Extracted records:
# # # #
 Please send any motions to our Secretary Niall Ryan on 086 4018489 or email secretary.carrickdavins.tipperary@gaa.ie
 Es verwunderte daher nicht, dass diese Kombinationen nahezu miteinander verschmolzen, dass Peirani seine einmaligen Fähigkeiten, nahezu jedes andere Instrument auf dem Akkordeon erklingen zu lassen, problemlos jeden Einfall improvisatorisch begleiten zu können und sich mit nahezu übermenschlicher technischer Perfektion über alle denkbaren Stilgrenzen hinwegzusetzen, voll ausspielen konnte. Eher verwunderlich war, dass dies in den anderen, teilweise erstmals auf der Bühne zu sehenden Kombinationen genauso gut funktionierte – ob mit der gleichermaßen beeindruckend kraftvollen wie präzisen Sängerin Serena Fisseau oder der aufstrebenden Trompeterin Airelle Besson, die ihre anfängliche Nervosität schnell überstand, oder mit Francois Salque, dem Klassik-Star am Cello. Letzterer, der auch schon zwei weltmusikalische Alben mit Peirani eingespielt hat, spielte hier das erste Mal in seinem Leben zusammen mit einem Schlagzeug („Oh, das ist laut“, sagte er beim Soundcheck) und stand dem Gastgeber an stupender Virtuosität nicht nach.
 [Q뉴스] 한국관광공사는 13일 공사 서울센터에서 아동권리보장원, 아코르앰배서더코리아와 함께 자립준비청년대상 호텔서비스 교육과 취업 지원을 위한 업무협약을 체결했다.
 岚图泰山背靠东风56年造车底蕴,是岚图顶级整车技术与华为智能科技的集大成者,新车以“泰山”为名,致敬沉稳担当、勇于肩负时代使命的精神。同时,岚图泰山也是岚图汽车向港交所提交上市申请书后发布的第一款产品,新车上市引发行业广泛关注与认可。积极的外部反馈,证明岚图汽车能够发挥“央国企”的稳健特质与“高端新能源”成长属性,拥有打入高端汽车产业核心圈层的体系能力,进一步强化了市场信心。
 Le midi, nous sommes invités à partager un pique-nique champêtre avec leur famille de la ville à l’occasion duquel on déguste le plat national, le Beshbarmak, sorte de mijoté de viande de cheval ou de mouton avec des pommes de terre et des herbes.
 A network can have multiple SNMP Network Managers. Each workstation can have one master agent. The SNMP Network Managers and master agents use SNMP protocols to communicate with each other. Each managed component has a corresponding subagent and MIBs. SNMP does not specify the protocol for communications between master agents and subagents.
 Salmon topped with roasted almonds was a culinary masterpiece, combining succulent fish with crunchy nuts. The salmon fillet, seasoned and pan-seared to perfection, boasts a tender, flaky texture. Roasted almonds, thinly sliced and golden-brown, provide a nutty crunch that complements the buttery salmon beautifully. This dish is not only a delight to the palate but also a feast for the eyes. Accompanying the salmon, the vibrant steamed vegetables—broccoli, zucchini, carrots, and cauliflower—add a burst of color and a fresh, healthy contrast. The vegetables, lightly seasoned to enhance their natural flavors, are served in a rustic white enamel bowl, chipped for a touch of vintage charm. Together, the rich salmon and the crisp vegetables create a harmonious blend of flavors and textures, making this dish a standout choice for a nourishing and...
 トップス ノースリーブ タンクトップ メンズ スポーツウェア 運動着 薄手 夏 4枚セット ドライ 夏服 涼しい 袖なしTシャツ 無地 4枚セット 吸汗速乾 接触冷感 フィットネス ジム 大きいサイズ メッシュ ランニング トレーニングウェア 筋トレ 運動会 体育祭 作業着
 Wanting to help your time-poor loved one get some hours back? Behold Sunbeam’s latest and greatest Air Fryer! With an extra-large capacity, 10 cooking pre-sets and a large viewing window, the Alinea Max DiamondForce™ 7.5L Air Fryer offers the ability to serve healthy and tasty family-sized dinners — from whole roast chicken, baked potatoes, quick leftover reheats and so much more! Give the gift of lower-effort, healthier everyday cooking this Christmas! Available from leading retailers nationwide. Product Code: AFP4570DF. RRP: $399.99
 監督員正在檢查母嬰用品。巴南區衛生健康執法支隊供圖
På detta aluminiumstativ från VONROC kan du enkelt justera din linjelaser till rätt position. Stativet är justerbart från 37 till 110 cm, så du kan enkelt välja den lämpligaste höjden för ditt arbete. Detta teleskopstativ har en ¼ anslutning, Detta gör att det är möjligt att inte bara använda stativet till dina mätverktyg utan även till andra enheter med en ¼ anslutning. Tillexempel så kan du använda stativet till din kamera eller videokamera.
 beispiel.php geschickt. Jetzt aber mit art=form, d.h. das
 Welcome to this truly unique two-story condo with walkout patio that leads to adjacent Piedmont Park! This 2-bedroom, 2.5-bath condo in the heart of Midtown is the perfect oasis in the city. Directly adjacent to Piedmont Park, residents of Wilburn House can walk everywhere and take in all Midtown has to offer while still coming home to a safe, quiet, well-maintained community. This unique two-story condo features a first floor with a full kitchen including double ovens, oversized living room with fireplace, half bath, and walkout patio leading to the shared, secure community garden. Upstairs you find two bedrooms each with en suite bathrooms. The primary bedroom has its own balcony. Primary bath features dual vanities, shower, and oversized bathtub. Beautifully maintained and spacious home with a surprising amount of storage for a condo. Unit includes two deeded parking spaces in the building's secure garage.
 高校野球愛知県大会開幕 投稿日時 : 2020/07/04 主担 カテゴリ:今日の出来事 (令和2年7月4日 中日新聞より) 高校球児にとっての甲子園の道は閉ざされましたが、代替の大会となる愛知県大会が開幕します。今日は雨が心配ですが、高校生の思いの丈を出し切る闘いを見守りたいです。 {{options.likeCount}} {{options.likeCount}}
# # # #
TRY IT: Write the entries out again in full, exactly as they appear above.

RESULT:
 Please send any motions to our Secretary Niall Ryan on 086 4018489 or email secretary.carrickdavins.tipperary@gaa.ie
 Es verwunderte daher nicht, dass diese Kombinationen nahezu miteinander verschmolzen, dass Peirani seine einmaligen Fähigkeiten, nahezu jedes andere Instrument auf dem Akkordeon erklingen zu lassen, problemlos jeden Einfall improvisatorisch begleiten zu können und sich mit nahezu übermenschlicher technischer Perfektion über alle denkbaren Stilgrenzen hinwegzusetzen, voll ausspielen konnte. Eher verwunderlich war, dass dies in den anderen, teilweise erstmals auf der Bühne zu sehenden Kombinationen genauso gut funktionierte – ob mit der gleichermaßen beeindruckend kraftvollen wie präzisen Sängerin Serena Fisseau oder der aufstrebenden Trompeterin Airelle Besson, die ihre anfängliche Nervosität schnell überstand, oder mit Francois Salque, dem Klassik-Star am Cello. Letzterer, der auch schon zwei weltmusikalische Alben mit Peirani eingespielt hat, spielte hier das erste Mal in seinem Leben zusammen mit einem Schlagzeug („Oh, das ist laut“, sagte er beim Soundcheck) und stand dem Gastgeber an stupender Virtuosität nicht nach.
 [Q뉴스] 한국관광공사는 13일 공사 서울센터에서 아동권리보장원, 아코르앰배서더코리아와 함께 자립준비청년대상 호텔서비스 교육과 취업 지원을 위한 업무협약을 체결했다.
 岚图泰山背靠东风56年造车底蕴,是岚图顶级整车技术与华为智能科技的集大成者,新车以“泰山”为名,致敬沉稳担当、勇于肩负时代使命的精神。同时,岚图泰山也是岚图汽车向港交所提交上市申请书后发布的第一款产品,新车上市引发行业广泛关注与认可。积极的外部反馈,证明岚图汽车能够发挥“央国企”的稳健特质与“高端新能源”成长属性,拥有打入高端汽车产业核心圈层的体系能力,进一步强化了市场信心。
 Le midi, nous sommes invités à partager un pique-nique champêtre avec leur famille de la ville à l’occasion duquel on déguste le plat national, le Beshbarmak, sorte de mijoté de viande de cheval ou de mouton avec des pommes de terre et des herbes.
 A network can have multiple SNMP Network Managers. Each workstation can have one master agent. The SNMP Network Managers and master agents use SNMP protocols to communicate with each other. Each managed component has a corresponding subagent and MIBs. SNMP does not specify the protocol for communications between master agents and subagents.
 Salmon topped with roasted almonds was a culinary masterpiece, combining succulent fish with crunchy nuts. The salmon fillet, seasoned and pan-seared to perfection, boasts a tender, flaky texture. Roasted almonds, thinly sliced and golden-brown, provide a nutty crunch that complements the buttery salmon beautifully. This dish is not only a delight to the palate but also a feast for the eyes. Accompanying the salmon, the vibrant steamed vegetables—broccoli, zucchini, carrots, and cauliflower—add a burst of color and a fresh, healthy contrast. The vegetables, lightly seasoned to enhance their natural flavors, are served in a rustic white enamel bowl, chipped for a touch of vintage charm. Together, the rich salmon and the crisp vegetables create a harmonious blend of flavors and textures, making this dish a standout choice for a nourishing and...
 トップス ノースリーブ タンクトップ メンズ スポーツウェア 運動着 薄手 夏 4枚セット ドライ 夏服 涼しい 袖なしTシャツ 無地 4枚セット 吸汗速乾 接触冷感 フィットネス ジム 大きいサイズ メッシュ ランニング トレーニングウェア 筋トレ 運動会 体育祭 作業着
 Wanting to help your time-poor loved one get some hours back? Behold Sunbeam’s latest and greatest Air Fryer! With an extra-large capacity, 10 cooking pre-sets and a large viewing window, the Alinea Max DiamondForce™ 7.5L Air Fryer offers the ability to serve healthy and tasty family-sized dinners — from whole roast chicken, baked potatoes, quick leftover reheats and so much more! Give the gift of lower-effort, healthier everyday cooking this Christmas! Available from leading retailers nationwide. Product Code: AFP4570DF. RRP: $399.99
 監督員正在檢查母嬰用品。巴南區衛生健康執法支隊供圖
På detta aluminiumstativ från VONROC kan du enkelt justera din linjelaser till rätt position. Stativet är justerbart från 37 till 110 cm, så du kan enkelt välja den lämpligaste höjden för ditt arbete. Detta teleskopstativ har en ¼ anslutning, Detta gör att det är möjligt att inte bara använda stativet till dina mätverktyg utan även till andra enheter med en ¼ anslutning. Tillexempel så kan du använda stativet till din kamera eller videokamera.
 beispiel.php geschickt. Jetzt aber mit art=form, d.h. das
 Welcome to this truly unique two-story condo with walkout patio that leads to adjacent Piedmont Park! This 2-bedroom, 2.5-bath condo in the heart of Midtown is the perfect oasis in the city. Directly adjacent to Piedmont Park, residents of Wilburn House can walk everywhere and take in all Midtown has to offer while still coming home to a safe, quiet, well-maintained community. This unique two-story condo features a first floor with a full kitchen including double ovens, oversized living room with fireplace, half bath, and walkout patio leading to the shared, secure community garden. Upstairs you find two bedrooms each with en suite bathrooms. The primary bedroom has its own balcony. Primary bath features dual vanities, shower, and oversized bathtub. Beautifully maintained and spacious home with a surprising amount of storage for a condo. Unit includes two deeded parking spaces in the building's secure garage.
 高校野球愛知県大会開幕 投稿日時 : 2020/07/04 主担 カテゴリ:今日の出来事 (令和2年7月4日 中日新聞より) 高校球児にとっての甲子園の道は閉ざされましたが、代替の大会となる愛知県大会が開幕します。今日は雨が心配ですが、高校生の思いの丈を出し切る闘いを見守りたいです。 {{options.likeCount}} {{options.likeCount}}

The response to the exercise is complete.